Why had it taken him so long to realize that? Even the other day, when Evie had pointed it out once again, he’d hotly denied it. ‘Ben,’ she’d said, ‘when you going to face up to it? All you do, you do because of her.’ He’d been speechless with anger. If she hadn’t been so weak, he would have shaken her.

And yet she was right. Buying Fever Hill. Coming back to Jamaica. Throwing this bloody party. It was all because of Sophie. But what did she care? She was going to marry Alexander Traherne.

He thought of her that day in the hills, snapping at him like a vixen. He’d been wrong about her in Kingston. She hadn’t changed at all.

A footman glided past with a tray of champagne, and Ben exchanged his empty glass for a full one, and went back into the house. It was time to be the dutiful host again: to return to his post on the north verandah, and greet the stragglers. Eleven o’clock. Another seven hours to go. Heigh-ho.

And there she was, coming up the main steps on the arm of her fiancé.

Ben saw her before she saw him, and he was grateful for that. She wore a narrow-skirted, high-waisted gown of midnight blue, shot through with changing sea-green. It was cut in a deep V at front and back – so deep that it left the pale shoulders bare – and was only held up by two slender blue straps. No jewels and no mask. The wavy light-brown hair was tied back at the temples and hung loose down her back, restrained only by a narrow bandeau of blue silk in which was set a tiny enamelled fish.

He knew at once what the costume was meant to be. She was the River Mistress – the shadowy siren who haunts Jamaican rivers and entices men to their doom. Years ago, she had told him that as a child she used to go down to the Martha Brae and ask the River Mistress to watch over him. Had she forgotten that? Or was this some kind of sly dig, just as the orchids and the matrimony were with him?

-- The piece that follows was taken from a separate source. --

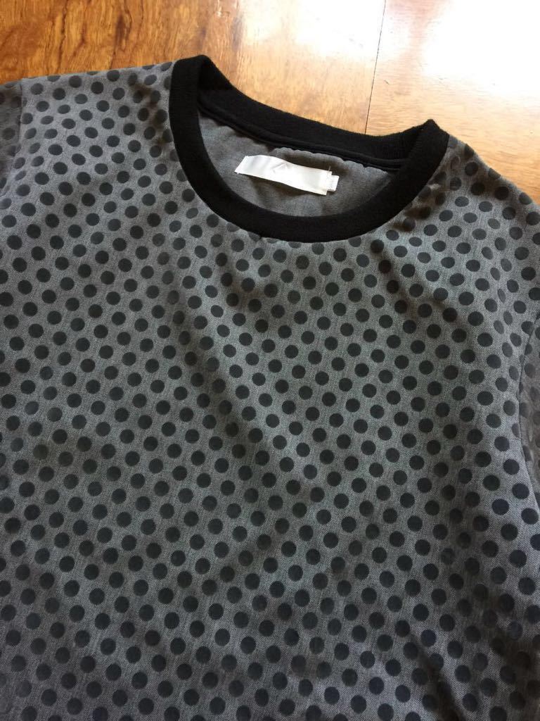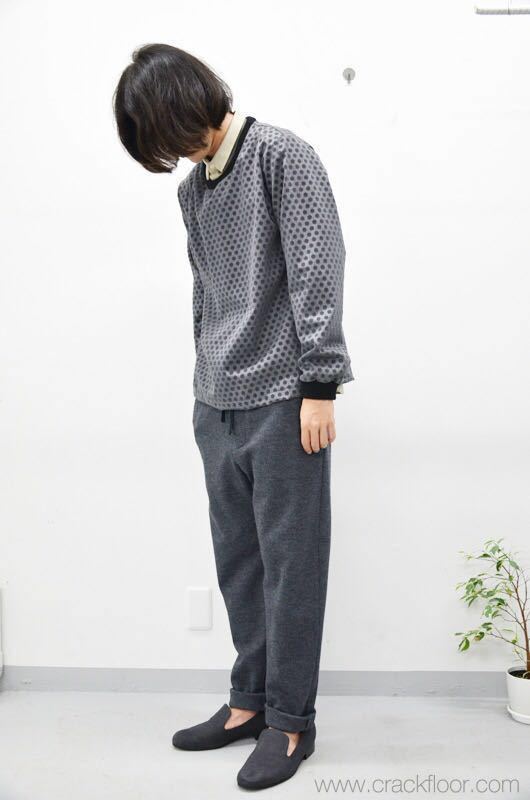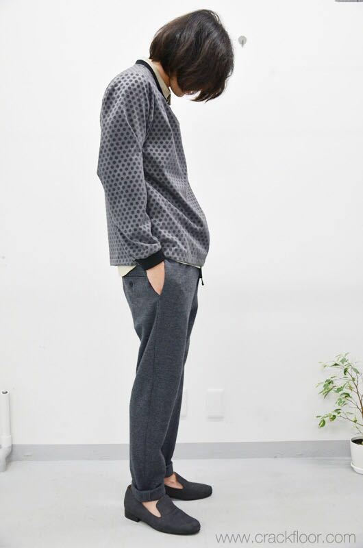 14AWシーズンオリジナルのフロッキードットが可愛いウールトップスです。日の当たる角度で光沢感が異なる素敵な一品。スーツ地のスウェットといったところが、乙なアイテムです♪

He moved forward to greet them. ‘I thought the River Mistress only ever appeared at noon,’ he said as he briefly took her hand.

She gave him a practised smile. ‘Very occasionally I make an exception.’

‘I’m honoured that you made one for me.’ He turned to Alexander Traherne and held out his hand.

‘How do, Kelly?’ said the fiancé, just touching the tips of his fingers.

‘How do, Traherne?’ Ben replied, mimicking his tone.

Traherne ignored that. ‘I see that you’re exercising the host’s prerogative, and eschewing both mask and fancy dress. I must say, I envy you the tailcoat. This sailor’s uniform is confoundedly heating. And I never could abide a mask.’

‘Then don’t wear it,’ said Ben with a smile. He turned back to Sophie. ‘You know, I was surprised when I saw that you’d accepted. I never thought that you would.’

‘Alexander said that we ought,’ she replied sweetly.

She seemed on edge, and Ben wondered if they’d had a fight. A lover’s tiff, he thought sourly; with all the fun of making up still to come. ‘So you obeyed your fiancé,’ he remarked. ‘How very right and proper.’